1959 Caddy. But does democracy hinge on this?
Washington, it seems, is not prepared to let the auto industry and Detroit go down the tubes.
The bail out is going to happen, even if the White House has to fund it itself from the $700 billion rescue fund.
While cars are nice, and everyone understands the impact of Ford, GM and Chrysler going Chapter 11, one must wonder about the impact of losing The New York Times, The Chicago Tribune, The Baltimore Sun and The LA Times… not to mention a few others.

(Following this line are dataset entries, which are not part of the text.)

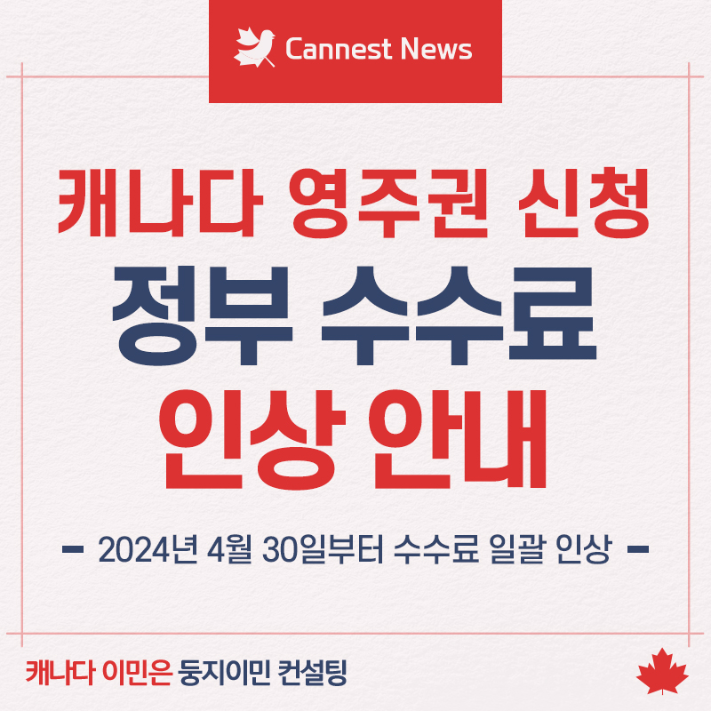 ์บ๋๋ค ์ด๋ฏผ๊ตญ ๊ท์ ์ ๋ฐ๋ผ ์์ฃผ๊ถ ์์๋ฃ๋ 2๋ ๋ง๋ค ์ธ์์ ๊ดํ ๊ณต์ง๋ฅผ ํ๊ณ ์๋๋ฐ์. ์ด์ ๋ฐ๋ผ, ์บ๋๋ค ๋๋ถ ์๊ฐ 2024๋ 4์ 30์ผ ์ค์ 9์๋ฅผ ๊ธฐ์ ์ผ๋ก ์์ฃผ๊ถ ์์๋ฃ๊ฐ ์ผ๊ด ์ธ์๋ฉ๋๋ค. (Immigration and Refugee Protection Regulations 303(1.1) ํญ ๋ฐ 294(d) ํญ)
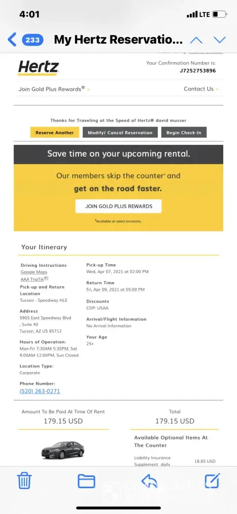 I tried calling Hertz again but was on hold for 40 minutes again.
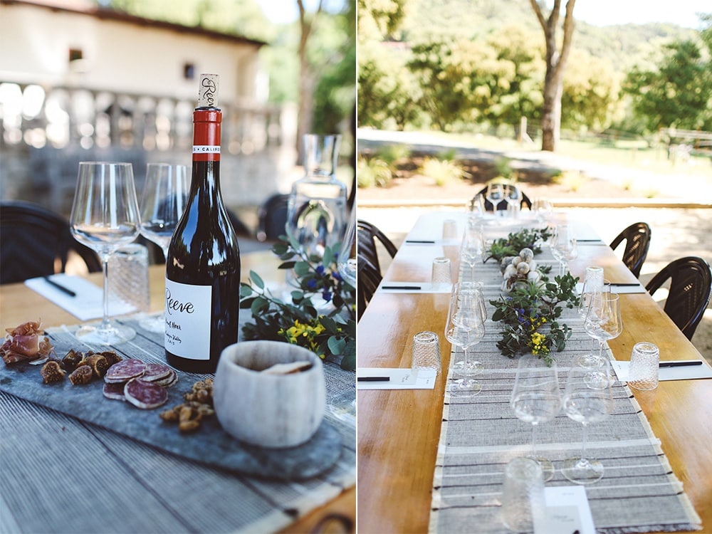 11am: And just like that, we were off to the countryside to visit Reeve Wines. Sunshine and windows down the whole way. The entrance sign is small, we drove right by it the first time, opps! I’ve been to many a wineries in Sonoma and Napa, and I have to honestly say that Reeve is now on my top 5 favorites list. From the long winding driveway taking you deep from the main road, to seeing the string lights in the barn when you roll up to the Italian-style deck filled with plants and sunshine, this spot couldn’t be cutest. Then, when you step out, the only thing you hear are birds, the wind through the trees and music softly playing in the background. Most tasting are outdoors and this, my friends, are the way tastings are suppose to be. I think I speak for all of us when I say that it’s always a bummer when you arrive at a winery only to be pushed to the back of a dark room at a crowded bar, your Som quickly rushes you through tasting and you are in and out in under 20 minuets (has happened more time than I can count!). Reeve though, is the complete opposite.

While Senators and Congressmen fall all over themselves to bail out the failed American car industry, not one person raises a single voice to bail out the failing American newspaper business.
Strange culture we have.
The newspaper business is the only industry enshrined in the US Consitution. The First Amendment guaranteed the right to a free press. Perhaps, had the US Contitution been written in the 1950s, it might have guaranteed every citizen the right to cheap and dependable transportation – but it does not.
A free press, as the Founding Fathers made clear, was the cornerstone of a democratic society.
As Thomas Jefferson said, “Our liberty depends on the freedom of the press, and that cannot be limited without being lost”
Jefferson did not, as far as we know, say anything about our liberty being dependent upon a reasonably priced automobile that is manufactured in the United States.
Automobiles are still going to be made.
They are going to come from Japan and Germany.
No one will go wthout a car who wants one. In fact, you will be able to get a good car for less money from Japan, just as you do now. Who can tell? Lexus? Why not?
But let the newspapers die and you will be hard pressed to replace The New York Times with the Asahi Shinbum.
It says a great deal about our society, and none of it good by the way, that we are willing to countenance and watch as detached observers, the death of the American newspaper industry, yet we are seemingly unable to do the same with cars.
I say, the time has come for a bailout for the American newspaper industry.
A few billion dollars to cushion the blow as they make the difficult transition from print to online only.
Help keep the journalists, with their many years of experience, in place. Believe me, a great reporter is a whole lot harder to replace than a line worker in Detroit. Once you lose them, they are gone forever.
Let the publishers of The New York Times, The Chicago Tribune, The LA Times go down to DC for Senate Hearings. They won’t take private jets – they don’t have any. Let them explain to the Senate and to the American people just how important quality journalism is to a functioning democracy.
Let’s set up a loan fund for the papers, just like we’re going to do for Detroit.
You are on a sinking ship and you can only rescue one: A Chevy Aveo or The New York Times, which do you pick?